According to ABC7, the sheer volume of shootings in Chicago over the weekend overwhelmed not only police but emergency departments. Mount Sinai Hospital on the West Side was forced to put its trauma center “on bypass” after resources were stretched to breaking point ― 17 people injured and one dead in the space of three hours.

The term “on bypass” means the hospital closes its doors to ambulance runs, and patients were diverted to other emergency rooms.

Chicago Police Public Information Officer Anthony Guglielmi expressed that it had been a tragic 24 hours for the nation.

Guglielmi said in a tweet that the shootings illustrated the “willingness of people to carry illegal guns” in Chicago due to the very limited consequences for possession.

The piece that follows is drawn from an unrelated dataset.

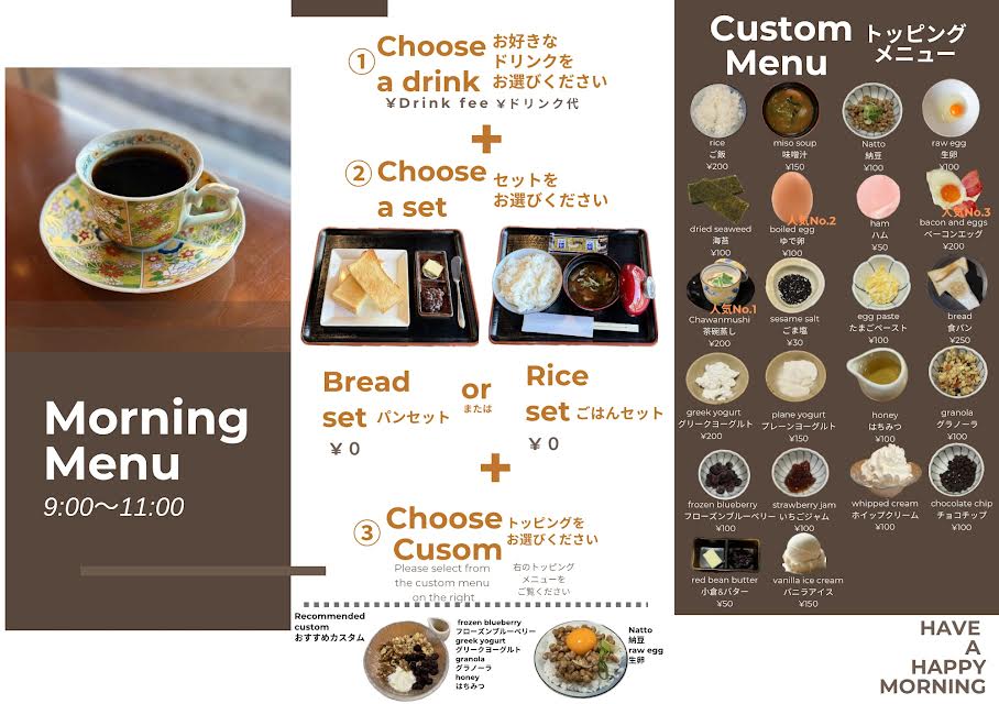 朝御膳とモーニングトッピング(Custom Menu)・ドリンクのみのご提供です。

Chicago Police Chief Eddie Johnson addressed media on Sunday about the weekend’s spate of attacks. He noted the El Paso and Dayton shootings, and highlighted the entire nation’s desperate need for a solution to gun violence.

“You have to stop yourself and ask what will it take before we get a handle on what’s going on,” Johnson said. “Not only in Chicago, but across the country.”

“From police departments to the court systems to prosecutors to legislators ― we have to come together and figure out more common-sense solutions to these problems because clearly too many of our citizens are being shot and killed.”

This weekend’s series of violent attacks has reignited a fiery debate around gun control. In Dayton, as Ohio Gov. Mike DeWine tried to speak at a vigil, he was overtaken by repeated screams of “do something!” by the crowd.

And in Washington, D.C., hundreds of activists descended on Capitol Hill to demand gun reform Saturday night following the El Paso shooting.

Various politicians around the country called for a solution to the crisis after the weekend’s senseless killings in Chicago.

This story was updated after the death toll from the El Paso shooting increased Monday morning, and the updated shooting numbers from Chicago were released.